Most clinical isolates of K. pneumoniae lacking ESBL express both OmpK35 and OmpK36 porins, while most K. pneumoniae ESBL producers express only OmpK36 ¹⁸ or lack both porins.¹⁹ Insertional disruption of probable promoter in the region upstream ompK35 sequence was associated with porin loss in the highly virulent strain, Kp13.⁹ Lower expression of OmpK35 in K. pneumoniae increases the resistance to cephamycins, oxyimino-cephalosporins, zwitterionic cephalosporins, and meropenem. Significant elevation in resistance was also described for imipenem, ciprofloxacin, and chloramphenicol.¹⁴

Two ompK36 insertional mutations encoding glycine and aspartic acid at aa134 and aa135 detected in KPC-producing K. pneumoniae with doripenem MIC >8 μg/ml can predict carbapenem–colistin therapy failures.^20,21 Deficiency in OmpK36 expression is related to cefoxitin resistance, increased resistance to oxyimino-cephalosporins and zwitterionic cephalosporins in ESBL-producing strains, and to carbapenem resistance in strains producing plasmid-mediated AmpC-type beta-lactamase. Lack of OmpK36 expression also results in a moderate increase in fluoroquinolone resistance in strains with altered topoisomerases and/or active efflux of quinolones.^22,23 The absence or downregulation of porins, OmpK35 and OmpK36, accompanied with production of various beta-lactamases has been implicated in carbapenem resistance.

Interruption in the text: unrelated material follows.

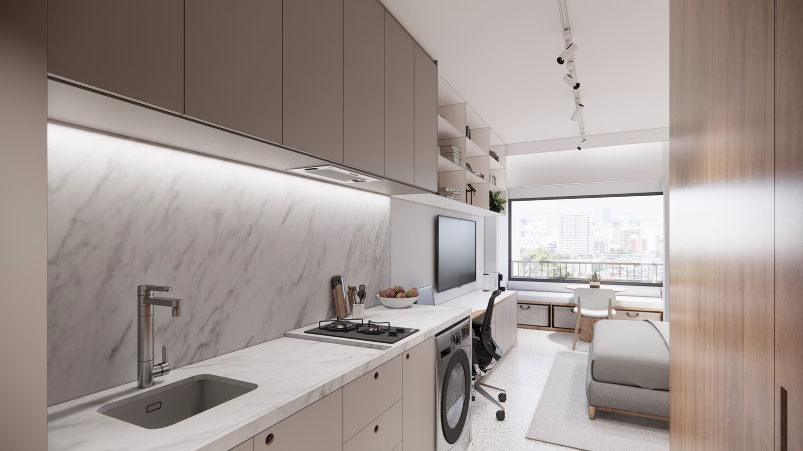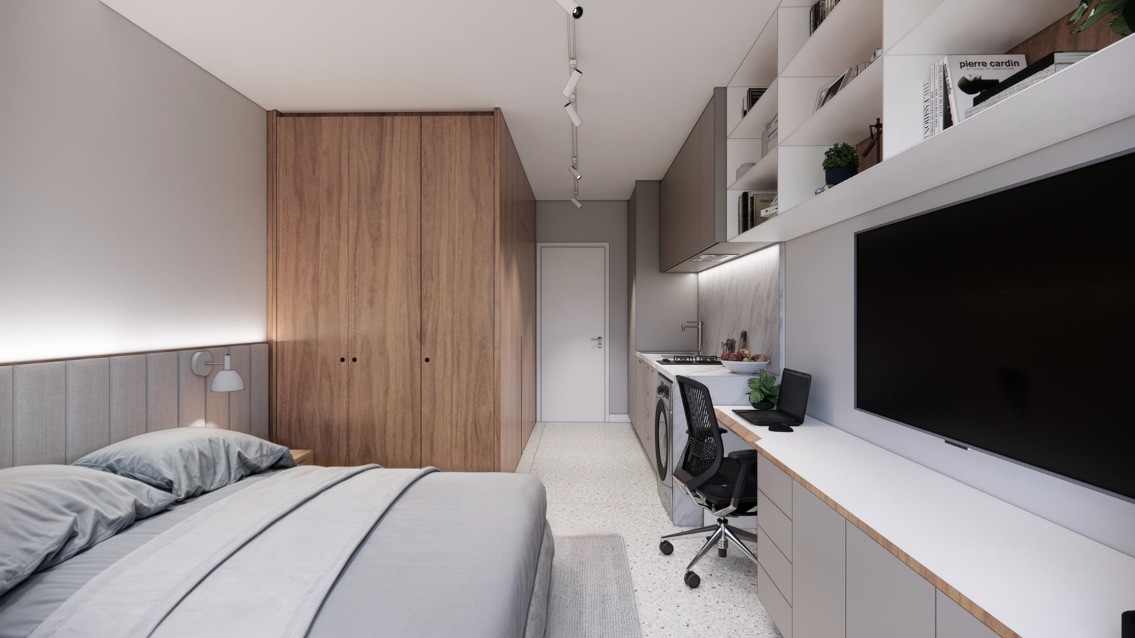 - Studios de 28m²: Compactos, funcionais e perfeitos para quem quer mais praticidade.

Derivatives of ertapenem have a pleiotropic negative effect on K. pneumoniae porin expression (lack of OmpK35 and OmpK36),²⁴ which may cause phenotypic resistance to several antimicrobials. The loss of OmpK36 expression results in higher antimicrobial resistance in Klebsiella cultivated in a high-osmolarity medium (similar to body fluid) compared with the OmpK35, suggesting an important role of OmpK36 in clinical drug resistance.²⁵ The lack of OmpK35/36 expression was associated with a decrease in the virulence even in K. pneumoniae overproducing EPs.²⁴ Deletion of ompK35 and ompK36 showed, in a mouse peritonitis model, decreased virulence and slower growth rate.²⁵

A possible strategy for Klebsiella to maintain fitness following the loss of OmpK35/36 may involve a further exchange to other porins, such as OmpK37, LamB, OmpK26, PhoE, and KpnO, although their contribution to antimicrobial resistance has been poorly investigated so far.^4,26,27 The OmpK37 is small quiescent porin and its plasmid-encoded overexpression has no significant impact on antibiotic susceptibility.⁴

The LamB is involved in the transport of maltose and maltodextrins and its overexpression is associated with the deficiency of the OmpK36. LamB and OmpK36 deficiency slightly decreases the susceptibility to cefepime, piperacillin–tazobactam, cefotaxime, imipenem, meropenem, and ertapenem, suggesting that LamB may contribute to the penetration of these agents into the porin-deficient strains.²⁶ The loss of LamB expression increases carbapenem resistance.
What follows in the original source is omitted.